## [Task requirements]
For this exercise, repeat the records below exactly as written.

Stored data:
▼

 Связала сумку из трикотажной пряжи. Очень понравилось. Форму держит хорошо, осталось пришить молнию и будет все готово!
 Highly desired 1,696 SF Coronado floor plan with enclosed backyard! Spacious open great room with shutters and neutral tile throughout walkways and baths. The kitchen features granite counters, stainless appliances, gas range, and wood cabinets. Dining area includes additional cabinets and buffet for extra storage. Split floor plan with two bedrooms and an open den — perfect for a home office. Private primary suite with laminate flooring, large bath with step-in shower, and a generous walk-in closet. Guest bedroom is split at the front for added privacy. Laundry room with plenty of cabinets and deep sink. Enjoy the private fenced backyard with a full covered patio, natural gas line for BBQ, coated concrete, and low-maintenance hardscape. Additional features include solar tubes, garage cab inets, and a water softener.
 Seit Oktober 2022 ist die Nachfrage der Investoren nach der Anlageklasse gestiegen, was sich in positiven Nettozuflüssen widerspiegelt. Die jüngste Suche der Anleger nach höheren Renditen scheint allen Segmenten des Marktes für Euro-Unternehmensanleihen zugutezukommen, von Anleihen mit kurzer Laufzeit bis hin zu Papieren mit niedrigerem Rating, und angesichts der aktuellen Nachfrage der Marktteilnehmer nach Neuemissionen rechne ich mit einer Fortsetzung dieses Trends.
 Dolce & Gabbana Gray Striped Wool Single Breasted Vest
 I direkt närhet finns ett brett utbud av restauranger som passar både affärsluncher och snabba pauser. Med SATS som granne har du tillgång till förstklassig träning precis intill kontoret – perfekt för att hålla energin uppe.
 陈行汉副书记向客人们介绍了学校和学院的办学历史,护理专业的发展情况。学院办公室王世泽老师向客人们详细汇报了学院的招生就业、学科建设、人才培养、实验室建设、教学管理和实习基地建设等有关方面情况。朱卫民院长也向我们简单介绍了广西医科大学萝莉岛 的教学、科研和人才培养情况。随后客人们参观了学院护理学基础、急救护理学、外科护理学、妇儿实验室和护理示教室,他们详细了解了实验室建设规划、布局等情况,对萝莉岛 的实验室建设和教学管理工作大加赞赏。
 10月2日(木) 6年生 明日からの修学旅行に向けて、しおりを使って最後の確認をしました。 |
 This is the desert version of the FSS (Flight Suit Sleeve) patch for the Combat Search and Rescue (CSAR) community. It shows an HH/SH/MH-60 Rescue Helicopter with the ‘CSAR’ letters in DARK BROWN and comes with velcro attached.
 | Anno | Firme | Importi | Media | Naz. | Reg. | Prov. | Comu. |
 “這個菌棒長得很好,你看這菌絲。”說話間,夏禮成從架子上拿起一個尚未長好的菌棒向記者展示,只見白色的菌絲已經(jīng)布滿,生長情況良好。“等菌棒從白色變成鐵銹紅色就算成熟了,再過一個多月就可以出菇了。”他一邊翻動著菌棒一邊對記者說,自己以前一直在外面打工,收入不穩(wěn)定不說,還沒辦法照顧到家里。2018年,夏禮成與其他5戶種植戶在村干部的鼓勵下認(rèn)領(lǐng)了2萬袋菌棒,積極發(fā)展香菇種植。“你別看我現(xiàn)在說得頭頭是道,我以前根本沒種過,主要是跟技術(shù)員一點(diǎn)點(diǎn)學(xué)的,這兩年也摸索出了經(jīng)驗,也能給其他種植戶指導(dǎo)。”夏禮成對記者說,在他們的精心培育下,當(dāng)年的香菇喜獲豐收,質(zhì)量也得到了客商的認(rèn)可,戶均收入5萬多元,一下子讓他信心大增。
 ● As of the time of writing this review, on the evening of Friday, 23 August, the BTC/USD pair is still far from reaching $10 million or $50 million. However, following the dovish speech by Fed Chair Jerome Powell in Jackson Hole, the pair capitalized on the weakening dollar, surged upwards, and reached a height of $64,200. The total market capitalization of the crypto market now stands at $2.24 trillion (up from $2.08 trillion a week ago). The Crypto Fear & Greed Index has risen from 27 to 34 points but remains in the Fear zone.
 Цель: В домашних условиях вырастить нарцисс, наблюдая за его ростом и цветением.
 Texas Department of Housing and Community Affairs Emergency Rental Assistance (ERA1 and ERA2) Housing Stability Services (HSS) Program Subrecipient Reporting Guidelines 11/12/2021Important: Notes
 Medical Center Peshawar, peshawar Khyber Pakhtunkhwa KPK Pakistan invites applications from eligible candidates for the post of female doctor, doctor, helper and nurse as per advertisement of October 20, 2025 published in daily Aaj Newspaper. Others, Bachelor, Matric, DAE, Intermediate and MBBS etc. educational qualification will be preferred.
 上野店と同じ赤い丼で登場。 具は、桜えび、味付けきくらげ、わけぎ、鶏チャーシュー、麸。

▲

## [Reply to the task]
 Связала сумку из трикотажной пряжи. Очень понравилось. Форму держит хорошо, осталось пришить молнию и будет все готово!
 Highly desired 1,696 SF Coronado floor plan with enclosed backyard! Spacious open great room with shutters and neutral tile throughout walkways and baths. The kitchen features granite counters, stainless appliances, gas range, and wood cabinets. Dining area includes additional cabinets and buffet for extra storage. Split floor plan with two bedrooms and an open den — perfect for a home office. Private primary suite with laminate flooring, large bath with step-in shower, and a generous walk-in closet. Guest bedroom is split at the front for added privacy. Laundry room with plenty of cabinets and deep sink. Enjoy the private fenced backyard with a full covered patio, natural gas line for BBQ, coated concrete, and low-maintenance hardscape. Additional features include solar tubes, garage cab inets, and a water softener.
 Seit Oktober 2022 ist die Nachfrage der Investoren nach der Anlageklasse gestiegen, was sich in positiven Nettozuflüssen widerspiegelt. Die jüngste Suche der Anleger nach höheren Renditen scheint allen Segmenten des Marktes für Euro-Unternehmensanleihen zugutezukommen, von Anleihen mit kurzer Laufzeit bis hin zu Papieren mit niedrigerem Rating, und angesichts der aktuellen Nachfrage der Marktteilnehmer nach Neuemissionen rechne ich mit einer Fortsetzung dieses Trends.
 Dolce & Gabbana Gray Striped Wool Single Breasted Vest
 I direkt närhet finns ett brett utbud av restauranger som passar både affärsluncher och snabba pauser. Med SATS som granne har du tillgång till förstklassig träning precis intill kontoret – perfekt för att hålla energin uppe.
 陈行汉副书记向客人们介绍了学校和学院的办学历史,护理专业的发展情况。学院办公室王世泽老师向客人们详细汇报了学院的招生就业、学科建设、人才培养、实验室建设、教学管理和实习基地建设等有关方面情况。朱卫民院长也向我们简单介绍了广西医科大学萝莉岛 的教学、科研和人才培养情况。随后客人们参观了学院护理学基础、急救护理学、外科护理学、妇儿实验室和护理示教室,他们详细了解了实验室建设规划、布局等情况,对萝莉岛 的实验室建设和教学管理工作大加赞赏。
 10月2日(木) 6年生 明日からの修学旅行に向けて、しおりを使って最後の確認をしました。 |
 This is the desert version of the FSS (Flight Suit Sleeve) patch for the Combat Search and Rescue (CSAR) community. It shows an HH/SH/MH-60 Rescue Helicopter with the ‘CSAR’ letters in DARK BROWN and comes with velcro attached.
 | Anno | Firme | Importi | Media | Naz. | Reg. | Prov. | Comu. |
 “這個菌棒長得很好,你看這菌絲。”說話間,夏禮成從架子上拿起一個尚未長好的菌棒向記者展示,只見白色的菌絲已經(jīng)布滿,生長情況良好。“等菌棒從白色變成鐵銹紅色就算成熟了,再過一個多月就可以出菇了。”他一邊翻動著菌棒一邊對記者說,自己以前一直在外面打工,收入不穩(wěn)定不說,還沒辦法照顧到家里。2018年,夏禮成與其他5戶種植戶在村干部的鼓勵下認(rèn)領(lǐng)了2萬袋菌棒,積極發(fā)展香菇種植。“你別看我現(xiàn)在說得頭頭是道,我以前根本沒種過,主要是跟技術(shù)員一點(diǎn)點(diǎn)學(xué)的,這兩年也摸索出了經(jīng)驗,也能給其他種植戶指導(dǎo)。”夏禮成對記者說,在他們的精心培育下,當(dāng)年的香菇喜獲豐收,質(zhì)量也得到了客商的認(rèn)可,戶均收入5萬多元,一下子讓他信心大增。
 ● As of the time of writing this review, on the evening of Friday, 23 August, the BTC/USD pair is still far from reaching $10 million or $50 million. However, following the dovish speech by Fed Chair Jerome Powell in Jackson Hole, the pair capitalized on the weakening dollar, surged upwards, and reached a height of $64,200. The total market capitalization of the crypto market now stands at $2.24 trillion (up from $2.08 trillion a week ago). The Crypto Fear & Greed Index has risen from 27 to 34 points but remains in the Fear zone.
 Цель: В домашних условиях вырастить нарцисс, наблюдая за его ростом и цветением.
 Texas Department of Housing and Community Affairs Emergency Rental Assistance (ERA1 and ERA2) Housing Stability Services (HSS) Program Subrecipient Reporting Guidelines 11/12/2021Important: Notes
 Medical Center Peshawar, peshawar Khyber Pakhtunkhwa KPK Pakistan invites applications from eligible candidates for the post of female doctor, doctor, helper and nurse as per advertisement of October 20, 2025 published in daily Aaj Newspaper. Others, Bachelor, Matric, DAE, Intermediate and MBBS etc. educational qualification will be preferred.
 上野店と同じ赤い丼で登場。 具は、桜えび、味付けきくらげ、わけぎ、鶏チャーシュー、麸。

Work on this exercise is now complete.